**WHAT IS EXPECTED**
All the lines below need to be transcribed exactly. Pictures get left out.

**DATA FOR PROCESSING**

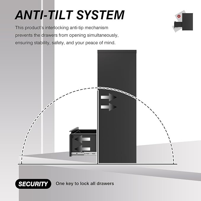 - 【Anti-tilt Design】This metal file cabinet has been designed with precision interlock devices and an external ANTI-TILT mechanism. As a result, when one drawer is opened, the interlocking system prevents any other drawer from being opened, ensuring that the cabinet stays upright and keeps you safe. This makes it a safer option compared to other file cabinets.
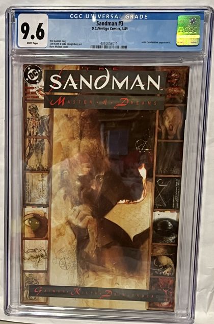 | Grader Notes | CGC Cert # 4010053011 Title Sandman Issue 3 Issue Date 3/89 Issue Year 1989 Publisher D.C./Vertigo Comics Grade 9.6 Page Quality WHITE Grade Date 11/09/2022 Grade Category Modern Art Comments Neil Gaiman story Sam Kieth & Mike Dringenberg art Dave McKean cover Key Comments John Constantine appearance. Grader Notes Unavailable |
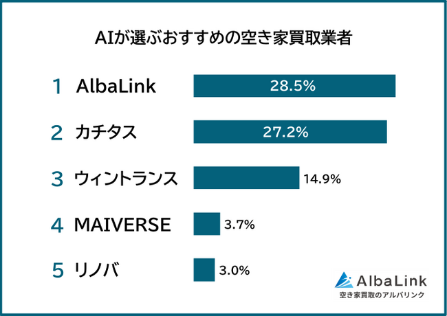 ChatGPTまたはGeminiを使っている404人に「空き家買取業者でおすすめの一社を教えて」と質問してもらったところ、AIが回答した空き家買取業者で最も多かったのは「AlbaLink(28.5%)」でした。
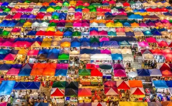 На фото вид с высоты птичьего полета на ночной рынок в Бангкоке. Называется он Талад-Рот-Фай и считается одним из лучших винтажных рынков города.
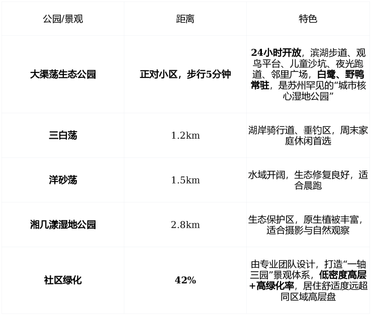 正对大渠荡生态公园 ,步行5分钟可达湖岸步道, 绿化率42%、水域覆盖率40% ,是苏州少有的“城市蓝绿带”住宅。
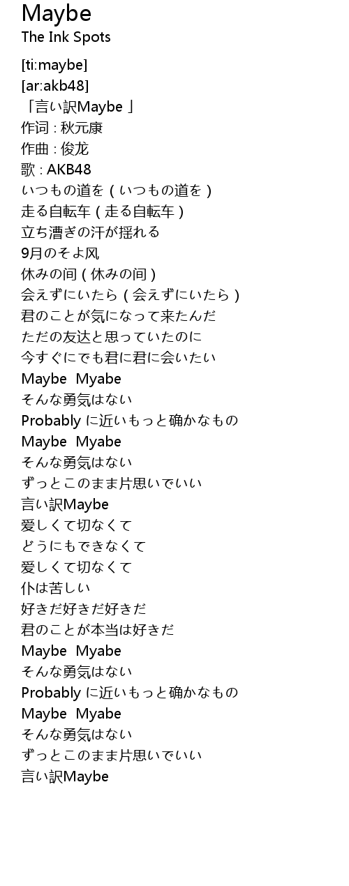 | [01:01.523] | Probably に近いもっと确かなもの |
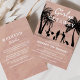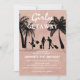 Transforme uma celebração de solteiro dia num fim de semana inteiro de diversão com este convite de aniversário da Girly Getaway. Projetada com uma mistura de fundo cor-de-rosa pincelado e mulheres silhuetas prontas para a festa, é a maneira perfeita de convidar amigos e família para um fim de semana memorável de aniversário. O convite inclui também palmeiras tropicais e um modelo de aniversário fácil de personalizar de ambos os lados.
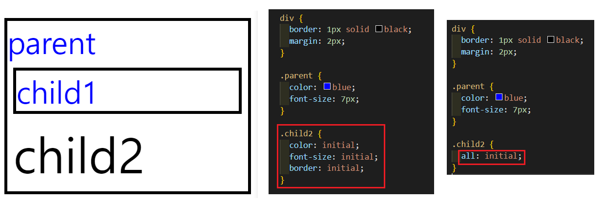 각 스타일 속성에 initial을 적용할 경우, 상속이 제어된다.
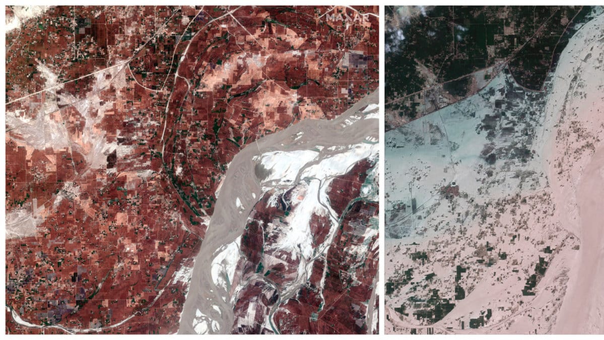 Satellitbilder före och efter översvämningarna som lamslagit Pakistan under sommaren visar hur byar, fält och infrastruktur ligger under vatten.
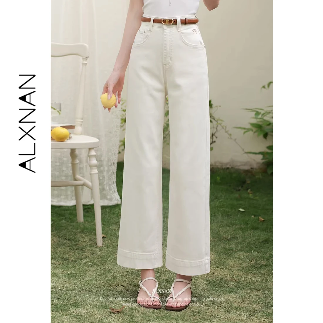 ALXNAN Jeans de Mezclilla Color Albaricoque, Corte Ancho, Casual, Elegante, Rectos, Primavera-Verano 2026, Nueva Moda, Estilo Vintage, Holgados, L62363
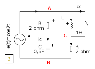 Per quel che riguarda il ramo di destra tutto avviene come nel precedente esercizio e, nel ramo centrale, non si ha alcuna variazione: il regime sinusoidale per t>0 è identico a quello per t<0.

**EXERCISE SOLUTION**
 - 【Anti-tilt Design】This metal file cabinet has been designed with precision interlock devices and an external ANTI-TILT mechanism. As a result, when one drawer is opened, the interlocking system prevents any other drawer from being opened, ensuring that the cabinet stays upright and keeps you safe. This makes it a safer option compared to other file cabinets.
 | Grader Notes | CGC Cert # 4010053011 Title Sandman Issue 3 Issue Date 3/89 Issue Year 1989 Publisher D.C./Vertigo Comics Grade 9.6 Page Quality WHITE Grade Date 11/09/2022 Grade Category Modern Art Comments Neil Gaiman story Sam Kieth & Mike Dringenberg art Dave McKean cover Key Comments John Constantine appearance. Grader Notes Unavailable |
 ChatGPTまたはGeminiを使っている404人に「空き家買取業者でおすすめの一社を教えて」と質問してもらったところ、AIが回答した空き家買取業者で最も多かったのは「AlbaLink(28.5%)」でした。
 На фото вид с высоты птичьего полета на ночной рынок в Бангкоке. Называется он Талад-Рот-Фай и считается одним из лучших винтажных рынков города.
 正对大渠荡生态公园 ,步行5分钟可达湖岸步道, 绿化率42%、水域覆盖率40% ,是苏州少有的“城市蓝绿带”住宅。
 | [01:01.523] | Probably に近いもっと确かなもの |
 Transforme uma celebração de solteiro dia num fim de semana inteiro de diversão com este convite de aniversário da Girly Getaway. Projetada com uma mistura de fundo cor-de-rosa pincelado e mulheres silhuetas prontas para a festa, é a maneira perfeita de convidar amigos e família para um fim de semana memorável de aniversário. O convite inclui também palmeiras tropicais e um modelo de aniversário fácil de personalizar de ambos os lados.
 각 스타일 속성에 initial을 적용할 경우, 상속이 제어된다.
 Satellitbilder före och efter översvämningarna som lamslagit Pakistan under sommaren visar hur byar, fält och infrastruktur ligger under vatten.
 ALXNAN Jeans de Mezclilla Color Albaricoque, Corte Ancho, Casual, Elegante, Rectos, Primavera-Verano 2026, Nueva Moda, Estilo Vintage, Holgados, L62363
 Per quel che riguarda il ramo di destra tutto avviene come nel precedente esercizio e, nel ramo centrale, non si ha alcuna variazione: il regime sinusoidale per t>0 è identico a quello per t<0.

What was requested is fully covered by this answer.